In Egypt, sectarian strife is brewing trouble at the top.
After a rare outburst from the Coptic Christian pope on Tuesday, a steady stream of daggers has been thrust at Egyptian President Mohammed Mursi, possibly paving the way for further confrontation.
Pope Tawadros warned that Egypt is collapsing under Mursi’s faltering rule, pointing blame at the Islamist president for failing to protect the church’s main cathedral after a mob attack on Sunday.
The attack left two Egyptians dead and at least 89 injured. It followed a funeral service for four Christians killed after sectarian clashes earlier in the week in a town north of Cairo.
Immediately, Egypt was exposed as two camps; witnessing polarization on an unmasked institutional level.
“The church has been a national symbol for 2,000 years,” Tawadros said. “It has not been subjected to anything like this even during the darkest ages … There has been no positive and clear action from the state, but there is a God. The Church does not ask for anyone’s protection, only from God.”
The sectarian divide has repeatedly intermingled with the country’s lethal cocktail of political flux and societal disorder.
But despite years of Muslim-Christian anxieties in Egypt, the St. Mark’s Cathedral attack in central Cairo on Sunday was no exception, says Cairo-based author Ashraf Khalil.
“This weekend’s sudden spasm of Muslim-Christian violence opened up new cracks: there’s the very real possibility now of open conflict between Egypt’s fledgling Islamist rulers and the Coptic Orthodox Church itself,” noted Khalil.
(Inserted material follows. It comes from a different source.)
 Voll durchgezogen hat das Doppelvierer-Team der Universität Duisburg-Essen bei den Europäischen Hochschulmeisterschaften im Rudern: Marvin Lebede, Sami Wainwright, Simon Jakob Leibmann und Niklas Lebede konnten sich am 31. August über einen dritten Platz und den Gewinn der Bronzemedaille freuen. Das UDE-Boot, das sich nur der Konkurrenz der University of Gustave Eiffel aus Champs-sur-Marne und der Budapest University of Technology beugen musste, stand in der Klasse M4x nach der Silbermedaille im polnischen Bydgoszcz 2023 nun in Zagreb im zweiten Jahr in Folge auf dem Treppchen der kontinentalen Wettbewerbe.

Tensions between the Tawadros and the presidency arose when the pope publically voiced concerns over an Islamist-backed constitution in February.
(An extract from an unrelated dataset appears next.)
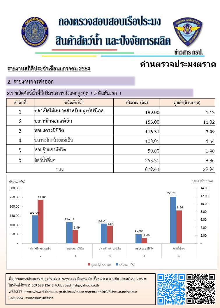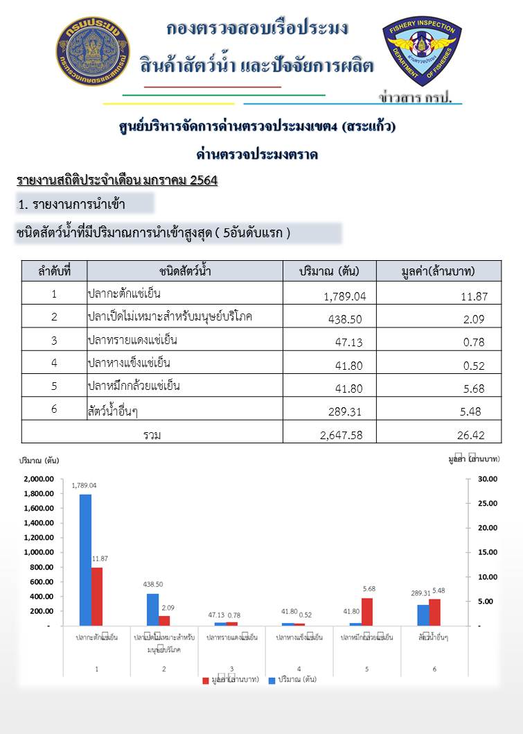 รายงานชนิดและปริมาณการนำเข้า - ส่งออกสัตว์น้ำและผลิตภัณฑ์สัตว์น้ำ และจำนวนเรือประมงต่างประเทศ จำนวนครั้งที่เข้าเทียบท่าผ่านทางด่านตรวจประมงตราด ประจำเดือน มกราคม 2564..คลิก

He dismissed the new constitution as discriminatory and rounds of national dialogues sponsored by the president as meaningless. This was unusually vocal political activist stance since being enthroned in November.
Finger-pointing and broken promises?
After Sunday’s attack, while condemned by Mursi, Pope Tawadros was quick to note that the president had promised him in a telephone conversation to do everything to protect the cathedral, “but in reality he did not,” he said.
But what happened on Sunday night remains cloudy.
Local Egyptian media reported police firing tear gas over the cathedral walls, but there are also reports stating police “stood by” as unknown assailants armed with birdshot, knives and petrol bombs attacked those inside the cathedral’s grounds, the state-run Ahram newspaper reported.
Other reports state the police arrived late.
Was this an example of Mursi not effectively mobilizing security forces to take strict damage control measures?
“There was a very small detachment of police forces that didn’t intervene until they got bigger enforcements,” explains Abdallah Schleifer, Professor Emeritus of Journalism at the American University in Cairo and a columnist at Al Arabiya English.
This shouldn’t have been the case, says Schleifer. “It’s obvious that feelings would be running high because of the fact that it’s a funeral service and yes, Mursi failed to provide adequate security.”
But the reaction from the presidency to Pope Tawadros’ attack on Mursi has been yet more finger-pointing.
Essam al-Haddad, the national security adviser to Mursi, claimed on Monday that Christian mourners started the feud when they exited the funeral ceremony and started destroying cars.
According to a Facebook statement from Haddad (found here), surveillance cameras showed people carrying Molotov cocktails and weapons around, inside and on top of the cathedral.
Police were prompted to interfere and use tear gas to disperse the crowd, Haddad added.
“The individuals seen to be firing firearms have been vehemently disavowed by the mourners. Investigations are still being conducted to reveal the identity of those involved in this incident,” said Haddad.
But his comments were seen as a cover-up by critics, among them Schleifer.
“He’s trying to defend the president from the criticism of the pope and he’s trying to cover-up for the lack of police that were there by blaming the Christian youth,” Schleifer says.
“In doing so, he’s inflaming and mobilizing the Muslim masses, as well as provoking hatred among Christian youth who have angry slogans against Muslims,” he added.
But while Pope Tawadros has previously cautioned Christian youth groups against stirring violence, an ultimate fear remains.
With an outspoken pope and a government unable to curb civil disobedience, that country’s sectarian polarization could soon amplify - on an institutional level.